How can Occupy generate specific change if it has no demands? How can it avoid getting co-opted? How can it avoid splintering into different interest groups? How can it find a common focus other than dislike of the present system, which not a sufficient foundation for building something better? Like this (leaps the orange chasm of confusion):
Start ongoing discussions in the occupied areas and online on
"What would make a fair society?"
This does a lot of things. It makes "a fair society" a specifically desired outcome. Who can be against a fair society, at least in public? Simply raising the question changes consciousness.
Making "a fair society" a meme for the Occupy movement gives it the moral high ground and a positive identity attractive to anyone who wants a fair society.
Reporting the best ideas online turns the movement into a massive grassroots think tank, a source of real ideas rather than talking points. This is in useful contrast to the Tea Party and will expose the poverty of imagination at the top.
Making a fair society involves many specifics. These all emerge from asking the question.
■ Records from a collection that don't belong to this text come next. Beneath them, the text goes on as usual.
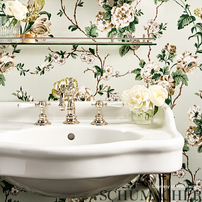 A lush tangle of tulips, roses and ranunculi climbs a trellis of branches in this gorgeous wallpaper design. Also available as a cotton chintz fabric. -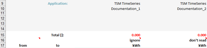 | 15 | This row contains the checksum. It is recalculated with each reading process depending on the grid and unit. If there is a formula in the totals line of the template (e.g. : " =SUM( A18:A96)" ), this formula will not be overwritten by the Time Series Manager. How the checksum is calculated depends on the aggregation method chosen for it. This method, in turn, can be determined in different ways (the higher the ranking in this list, the higher the priority):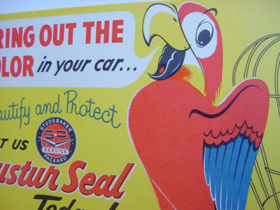 Title (ebay affiliate link): NOS MINT UNUSED 1950s Vintage STUDEBAKER PACKARD Luster Seal Sign w/ PARROT
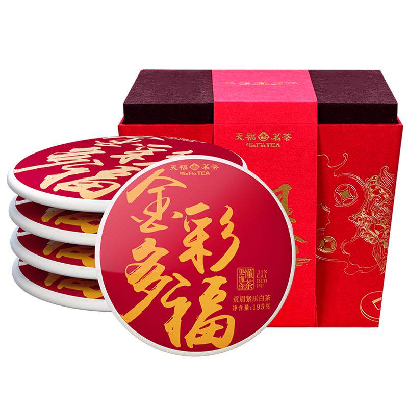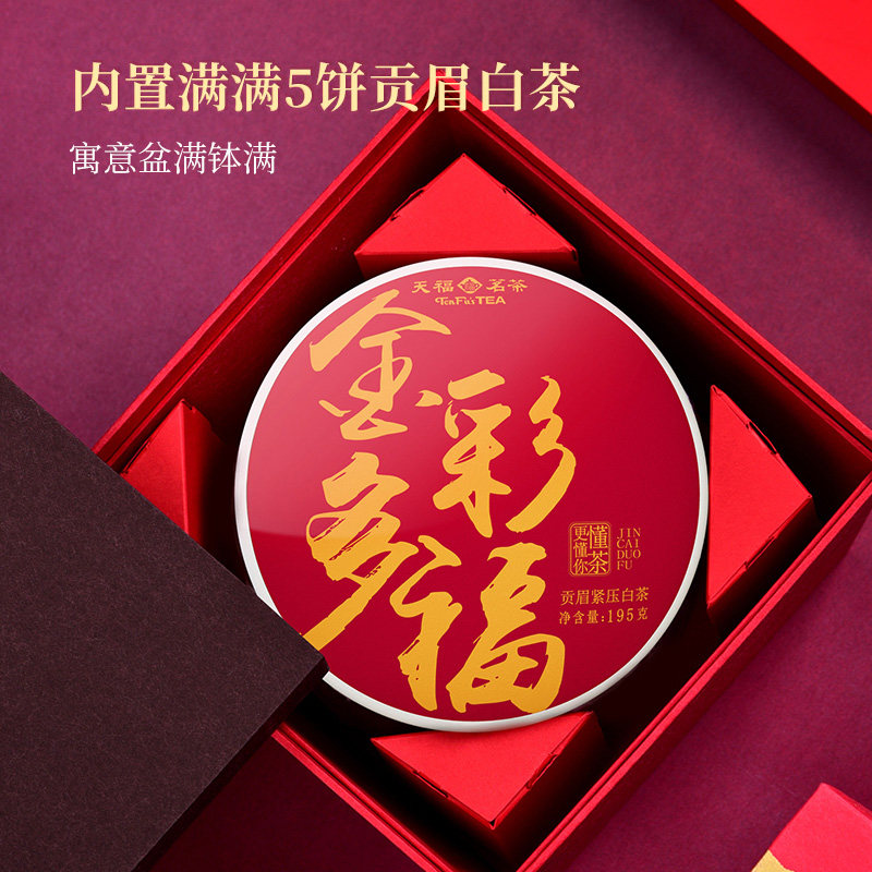 天福茗茶 贡眉白茶饼 福鼎白茶 5年原料茶饼195g*5

As viable ideas emerge they become focal areas people can rally around for policy, legislation, projects, etc. without taking over the movement. Rather, they become ways the movement is generating decentralized, synergistic action.
And yes, this is like the consciousness-raising groups of the feminist movement in the 60s and 70s. It worked. Maybe some here who were part of that can share their experience.
Asking "What would make a fair society?" or "How can we have a fair society?" lets everyone contribute, including conservatives, and can put everyone in conversation.
Conversation is important. Quality conversation (with listening, reflection, etc) breaks down polarities and opens closed minds. Changing that dynamic (which serves partisan ideologues) would be a great result on its own. The "53%" (if they exist), would have a basis for connection. Everyone has ideas about what a fair society is, so we can talk about it rather than dividing over it.
Good conversation also produces good ideas. Pursuing answers to the question rather than proving oneself right and others wrong is the most productive way to go on this.
By inquiring seriously into what would make a fair society, no specific demands except that "fair society" (which I think is a fair interpretation of the reality of what OWS is about) limit the appeal of the movement. Yet specific demands that can result in specific actions will emerge, and will continue to emerge over time as things evolve.
What do you think? Or, what would make a fair society?